Özellikle 2002 yılında 10 dalda oscar’a aday olan Gangs Of New York filmindeki muhteşem oyunculuğu ile kariyerinin önünü açan Daniel- Day Lewis 2007 yapımı There Will Be Blood filmindeki olağanüstü performansı ile bu kez bana göre sonuna kadar hakettiği en iyi erkek oyuncu dalında oscarı alıyor. Özellikle 80. Oscar ödüllerinde Juno ve Coen kardeşlerin No Country For Old Men filmleri ile yarışan There Will Be Blood, yine de bu iki film içinde önemli sayılabilecek 2 adet oscar alması, ciddi anlamda kıyasıya bir rekabete sahne olan 80. oscar ödülleri için başarı sayılabilir.
Film birebir olmasa da,Upton Sinclair’ın 1927 yılında yazdığı ve Oil ismini taşıyan romanına dayanıyor. Ancak romanı okuyup filmi izleyenler kitap ile filmin birbirinden çok farklı şeyler anlattığını söylüyorlar. Film Güney California’da 19 yüzyılın sonlarında ve 20. yüzyılın başlarında petrol patlaması denilen bir döneme denk geliyor. O bölgede, her tarafta petrol olduğunun söylenmesi insanların gözlerini parlatsa da o dönem ki teknoloji ile o petrolü yeryüzüne çıkarma işini sadece birkaç kişi yapabiliyordu. İşte bu işi yapabilen insanlardan bir tanesi de Daniel Plainview idi. Kendine özgü tekniklerle bulduğu petrolü çıkarmak için yer sahipleri ile anlaşan Daniel oğlunu da iş ortağı olarak tanıtıyordu. Zekasının yanısıra insanları ikna etme yeteneğine de sahip olan Daniel, hem çalışkanlışı hem de kıvrak zekası ile kısa sürede zengin olur. Ancak zrngin olma sürecinde çalıştığı bir bölgede yaşanan bir patlama sonucu oğlu duyma hissini kaybeder. Onun artık işine yaramayacağını düşünen Daniel çocuğu duyma özürlülerin eğitim aldığı bir okula gönderir ve işine devam eder.

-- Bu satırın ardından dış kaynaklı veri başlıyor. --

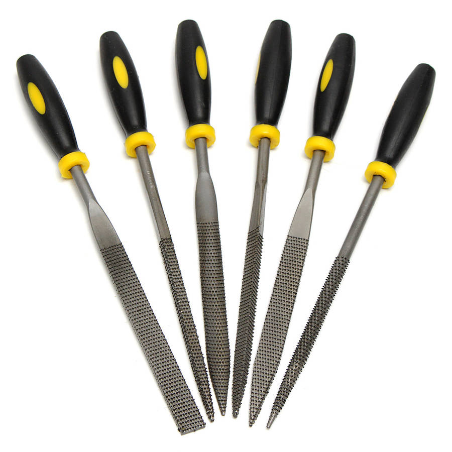 Package weight: 0.21 kg Specifications: Name: 6pcs Mini Files Set Metal Filing Rasp Needle File Wood Tools Hand Woodworking Material: Metal Color: Black & Yellow Length: 180mm Features: -A variety of shapes, wide use, high hardness, strong and durable. -Comfortable, precise and uniform grip, clean teeth. -For the processing of mahogany wood and other hardwood category professional file. -May be used for other grinding wood cases. -Application:Used for the processing of hard wood, making model required. Package included: 6 x Needle Files More details:

Allaha inanmasa bile, insanların topraklarına sahip olabilmek için herşeyi yapan Daniel, filmin bir bölümünde kilisenin ilginç rahibi ve oldukça inançlı bir insan olan Eli tarafından vaftiz edilir. Eli ile tanışması ise, onun ve ailesininin yaşadığı bölgedeki toprakların altındaki petrole sahip olmak için o bölgeyi satın almak istediği zamana dayanır. Eli’ın bu dönemdeki şüpheci tavırları ikilinin arasında soğuk savaşların esmesine neden olur ve Daniel, filmin son bölümlerinde oldukça zengin oduğu zamanlarda kendisini ziyarete gelen Eli’yı vahşi bir şekilde öldürür ve film burada sonlanır. Aslında film bittikten sonra Daniel’in bu hareketlerinin altında yatan nedenleri sorguluyorsunuz. Bunların cevabı aslında filmde veriliyor. İnsanların zenginlerden yararlanmak istemesi. Allahın, Daniel’den insanlığını alıp onu zengin yapması bir nevi şeytanla anlaşma yapması gibi bir durum.
Birçok otoriter tarafından tüm zamanların en iyi filmleri arasında gösterilen There Will Be Blood toplamda 25 milyon dolarlık bir masraf ile çekilmiş ve 76 milyon dolar gibi, bu filme göre çok çok düşük olan bir rakamla gösterimden kaldırılmış. 158 dakikadan oluşan yapımın yönetmenliğini, yapımcılığını ve yazarlığını Paul Thomas Anderson yapmış. Her zaman söylediğim gibi eğer bir filmin hem yönetmenliğni hem de yazarlığını aynı kişi yapıyor ise o film genellikle başarılı oluyor. There Will Be Blood, bu söylediğimi kanıtlar nitelikte.